链接:https://www.nowcoder.com/acm/contest/143/H
来源:牛客网
题目描述
Kanade has an array a[1..n] , she define that an array b[1..m] is good if and only if it satisfy the following conditions:
-
1<=b[i]<=n
-
b[i]<b[i+1] for every i between 1 and m-1
-
a[b[i]] < a[b[i+1]] for every i between 1 and m-1
-
m>0
Now you need to find the k-th smallest lexicographically good array.
输入描述:
The first line has two integer n,k
The second line has n integer a[i]
输出描述:
If there is no solution, just only output -1, else output two lines, the first line has an integer m, the second line has m integer b[i]
示例1
输入
3 2
1 2 3
输出
2
1 2
示例2
输入
3 1000000000
1 2 3
输出
-1
备注:
1<=n <= 5*10^5
1<=k<=10^(18)
1<=a[i]<=10^9
题目大意:给定一个n个数的序列,要你求出下标字典序第k小的严格单调递增子序列。
题目思路:我们可以考虑先维护出以第 i 个数为开头的严格单调递增子序列的数量,这个借助线段树或者树状数组即可以维护出来,只需要倒着插入即可,以第 i 个数为开头的序列的数量就是区间 [i+1,n] 内大于第 i 个数的子序列数量之和+1,。最后在按位考虑即,看以当前位为开头的子序列是否小于k,再逐位枚举即可。

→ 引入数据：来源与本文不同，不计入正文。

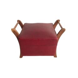 Mini ottoman with wooden handles. Covered in vinyl material with two small rips. 21"x17"x17"

注意本题可能会爆long long 所以在维护线段树的时候要设置一个数量的上界。
具体实现看代码:
#include <bits/stdc++.h>
#define fi first
#define se second
#define lson l,m,rt<<1
#define rson m+1,r,rt<<1|1
#define lowbit(x) x&-x
#define pb push_back
#define MP make_pair
#define clr(a) memset(a,0,sizeof(a))
#define _INF(a) memset(a,0x3f,sizeof(a))
#define FIN freopen("in.txt","r",stdin)
#define fuck(x) cout<<"["<<x<<"]"<<endl
using namespace std;
typedef long long ll;
typedef unsigned long long ull;
typedef pair<int,int>pii;
typedef vector<int> VI;
const int MX=5e5+5;
const int mod=998244353;
const int inf=0x3f3f3f3f;
const ll infll=1e18;
//head
int n,a[MX],N;
ll sum[MX<<2],num[MX],k;
void push_up(int rt){
sum[rt]=min(infll,sum[rt<<1]+sum[rt<<1|1]);
}
void update(int p,ll d,int l,int r,int rt){
if(l==r){
sum[rt]=min(infll,sum[rt]+d);
return;
}
int m=(l+r)>>1;
if(p<=m) update(p,d,lson);
else update(p,d,rson);
push_up(rt);
}
ll query(int L,int R,int l,int r,int rt){
if(L<=l && r<=R) return sum[rt];
ll res=0;
int m=(l+r)>>1;
if(L<=m) res=min(infll,res+query(L,R,lson));
if(R>m) res=min(infll,res+query(L,R,rson));
return res;
}
VI has,ans;
int get_id(int x){
return lower_bound(has.begin(),has.end(),x)-has.begin()+1;
}
int main(){
scanf("%d%lld",&n,&k);
for(int i=1;i<=n;i++){
scanf("%d",&a[i]);
has.pb(a[i]);
}
sort(has.begin(),has.end());
has.erase(unique(has.begin(),has.end()),has.end());
N=has.size();
for(int i=1;i<=n;i++) a[i]=get_id(a[i]);
for(int i=n;i>=1;i--){
num[i]=query(a[i]+1,N,1,N,1)+1;
update(a[i],num[i],1,N,1);
}
int flag=0,last=0;
for(int i=1;i<=n;i++){
if(a[i]>last){
if(num[i]<k) k-=num[i];
else{
ans.pb(i);last=a[i];
if(k==1){
flag=1;
break;
}k--;
}
}
}
if(!flag) puts("-1");
else{
int sz=ans.size();
printf("%d\n",sz);
for(int i=0;i<sz;i++)
printf("%d%c",ans[i],i==sz-1?'\n':' ');
}
return 0;
}